### TASK ITEM
Ignoring every picture, return the lines of the listing below word for word, from the line that holds "近日,教育部下发《教育部关于" through the line that holds "El Mundial de".

-- DATASET follows --

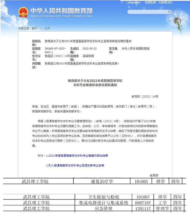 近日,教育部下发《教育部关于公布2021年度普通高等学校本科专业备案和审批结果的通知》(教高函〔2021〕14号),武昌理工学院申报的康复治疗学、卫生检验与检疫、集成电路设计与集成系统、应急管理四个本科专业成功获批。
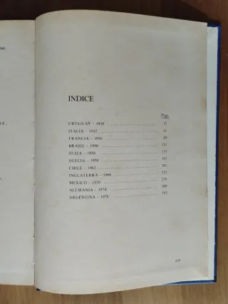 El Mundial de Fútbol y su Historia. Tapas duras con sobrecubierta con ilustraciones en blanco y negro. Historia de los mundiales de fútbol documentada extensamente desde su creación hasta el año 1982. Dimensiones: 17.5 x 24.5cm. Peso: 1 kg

-- DATASET concluded --
-- DATASET follows --

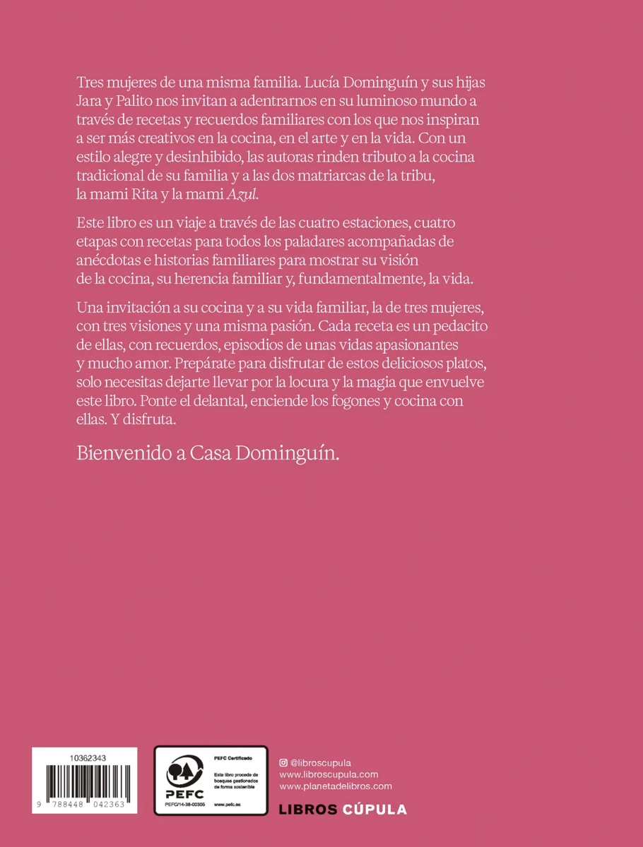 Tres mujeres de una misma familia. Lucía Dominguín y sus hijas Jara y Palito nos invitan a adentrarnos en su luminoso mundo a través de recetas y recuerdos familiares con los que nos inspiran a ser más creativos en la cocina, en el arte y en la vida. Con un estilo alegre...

-- DATASET concluded --
-- DATASET follows --

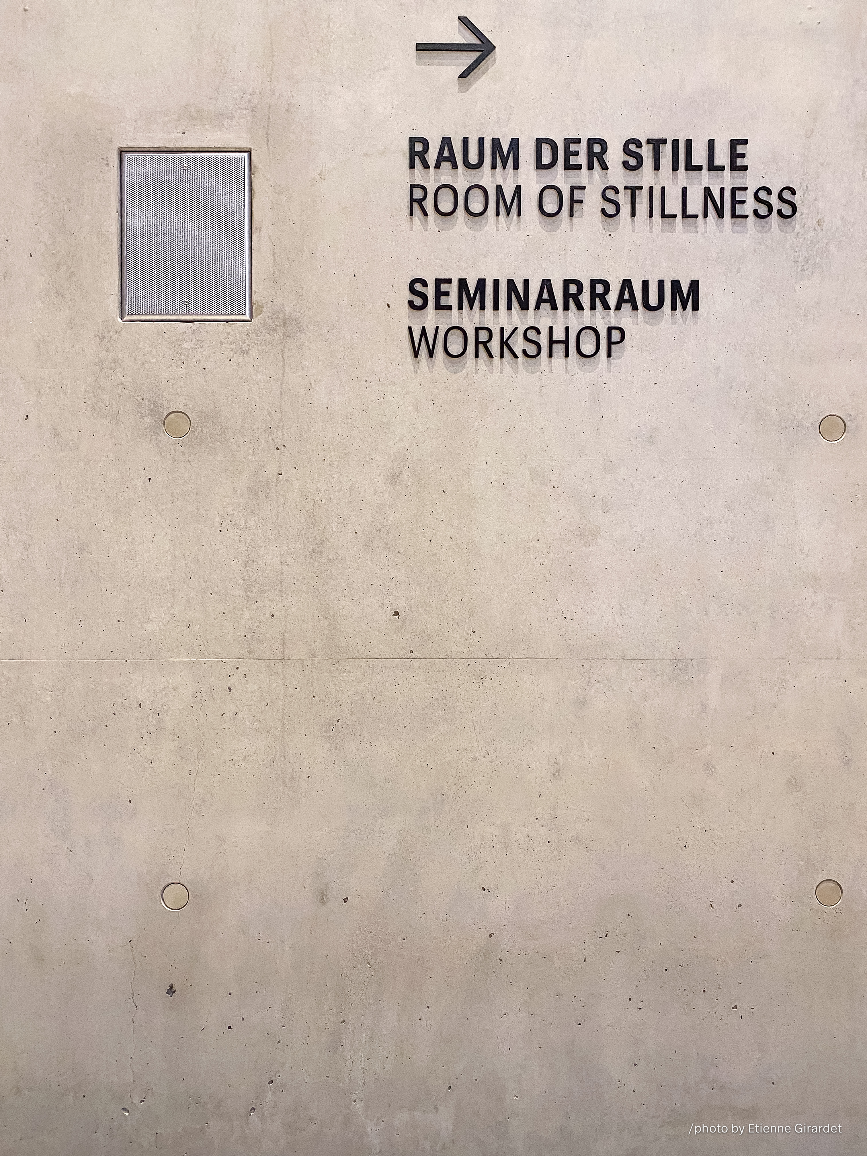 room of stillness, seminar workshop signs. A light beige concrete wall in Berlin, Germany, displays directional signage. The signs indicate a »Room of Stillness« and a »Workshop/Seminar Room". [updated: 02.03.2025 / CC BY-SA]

-- DATASET concluded --

### TASK ANSWER
 近日,教育部下发《教育部关于公布2021年度普通高等学校本科专业备案和审批结果的通知》(教高函〔2021〕14号),武昌理工学院申报的康复治疗学、卫生检验与检疫、集成电路设计与集成系统、应急管理四个本科专业成功获批。
 El Mundial de Fútbol y su Historia. Tapas duras con sobrecubierta con ilustraciones en blanco y negro. Historia de los mundiales de fútbol documentada extensamente desde su creación hasta el año 1982. Dimensiones: 17.5 x 24.5cm. Peso: 1 kg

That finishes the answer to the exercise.